§ **WHAT YOU HAVE TO DO**
Beginning with the line that holds "顾名思义,就是在游戏中显示一", write out each line exactly as it stands until the end of the data, and include no pictures.

── RECORDS PROVIDED

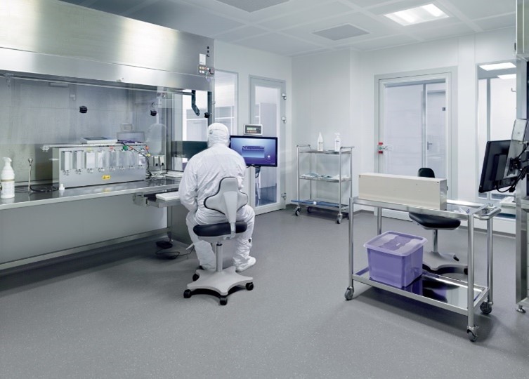 Bei der nachhaltigen Bodenauswahl für Reinräume und GMP-Bereiche spielt die Performance der Böden, insbesondere im Hinblick auf Widerstandsfähigkeit, Reinigungsfähigkeit und Desinfektionsmittelbeständigkeit, eine wesentliche Rolle. So tragen Reinigung und Sanierung, die je nach Bodenmaterial über den gesamten Lebenszyklus sehr unterschiedlich ausfallen, mehr zur Ökobilanz bei als die eigentliche Herstellung der Produkte. Noch größer sind die ökologisökologischen Auswirkungen bei einem vorzeitigen Werkstoffversagen, ganz abgesehen von den Störungen im Produktionsprozess. Allgemein gilt: Prävention ist besser als Instandsetzung. Eine gezielte Materialauswahl kann dazu beitragen, Ausfallzeiten zu verringern, den Unterhalts- und Wartungsaufwand zu optimieren und somit die ökonomischen und ökologischen Lebenszykluskosten des Bodenbelags zu reduzieren. Eine große Hilfe für Bauherrn kann ein wissensbasiertes Auswahlverfahren zur Auswahl nachhaltiger Böden darstellen, das vom KIT Innovation Hub für die pharmazeutische Industrie entwickelt wurde. Nach der Erstellung eines objekt- und nutzungsspezifischen Anforderungsprofils für das individuelle Objekt werden die verschiedenen Bodenmaterialien gegebenenfalls noch ergänzenden Tests unterzogen, beispielsweise zum Reinigungsverhalten oder um einen künstlichen Alterungsprozess zu simulieren und dadurch die Frage zubeantworten, wie die Oberfläche der Böden in zehn Jahren aussehen wird. Für einen nachhaltigen, wirtschaftlichen Unterhalt von Reinräumen sind Bodenbeläge ohne temporäre Beschichtungen, wie Kautschuk, besonders geeignet. Dadurch entfallen Beschichtungssanierungen ebenso wie die damit verbundenen kosten- und arbeitsintensiven Grundreinigungen. So werden Shutdown-Zeiten oder gar Produktionsausfälle vermieden. Ein weiterer Vorteil: Während der gesamten Lebensdauer des Fußbodens können große Mengen hochalkalischer chemischer Reinigungs- und Beschichtungsmittel eingespart werden – gut für Gesundheit, Ökonomie und Ökologie.
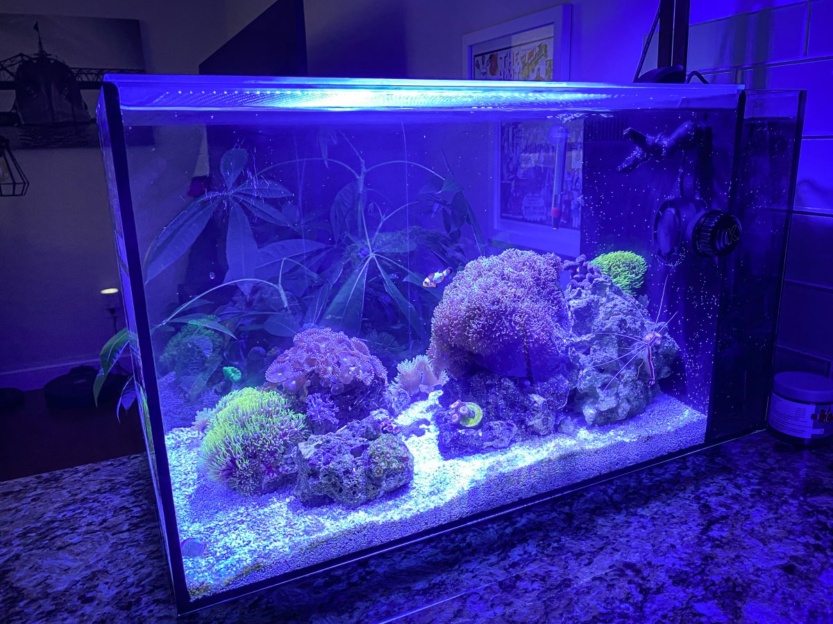 My big challenge is algae. Diatoms came and went quickly. I had some bubble algae on a pice of live rock from the start which spread a little and has since been reduced down to near nothing (with some effort). Honestly, I don’t hate the bubble algae as long as it doesn’t take over. Finally, I had a round of hair algae on the sand bed. That’s now largely receded. I attribute that to operator error. I have about 10 gallons of actual water volume and I’ve always been an over feeder. 10 gallons can’t compensate for the over feeding like a large system can. Nitrates and phosphates never read high, but that’s probably because the algae was consuming it. I dialed back the feeding, started changing out my filter fiber every two days (instead of weekly), and manually removed as much as possible. It’s mostly gone now - lesson learned. I haven’t seen any aiptasia since I removed the section of rock where the colony was growing. I’m hopeful, but it’ll be awhile before I feel confident about it.
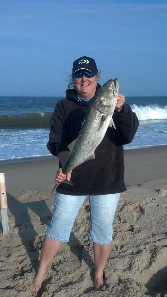Anita Chandler caught this nice 29 1/2″ blue from the surf in Fenwick on a #3 floater hook baited with cut mullet.
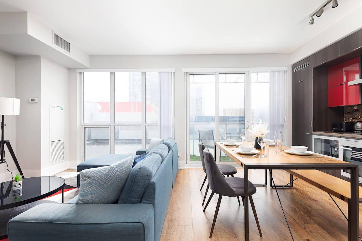 Including an office work space, 43 inch Smart TV for Netflix, High Speed internet with fantastic view of the CN Tower!
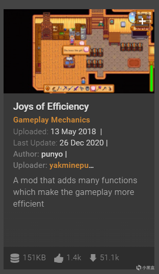 顾名思义,就是在游戏中显示一些游戏物品的信息,左下角的工具等级经验,物品的售价和出售价以及电视机的内容等等信息,真的很方便,而且几乎不影响游戏体验的一个mod。
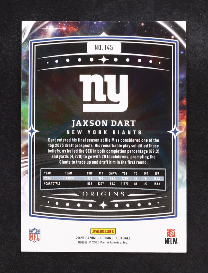 Jaxson Dart 2025 Panini Origins Rookie #145 RC
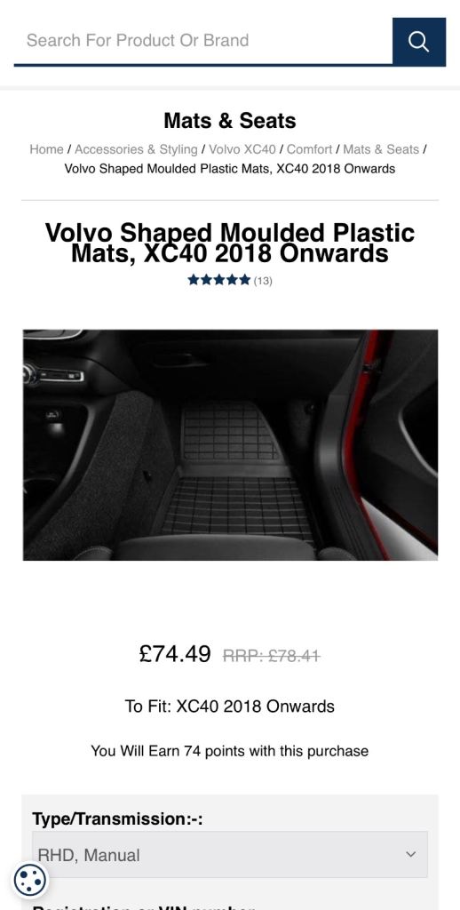 Original Volvo car mats for XC40 / C40 (4 + Boot liner)

────

§ **TASK ANSWER**
 顾名思义,就是在游戏中显示一些游戏物品的信息,左下角的工具等级经验,物品的售价和出售价以及电视机的内容等等信息,真的很方便,而且几乎不影响游戏体验的一个mod。
 Jaxson Dart 2025 Panini Origins Rookie #145 RC
 Original Volvo car mats for XC40 / C40 (4 + Boot liner)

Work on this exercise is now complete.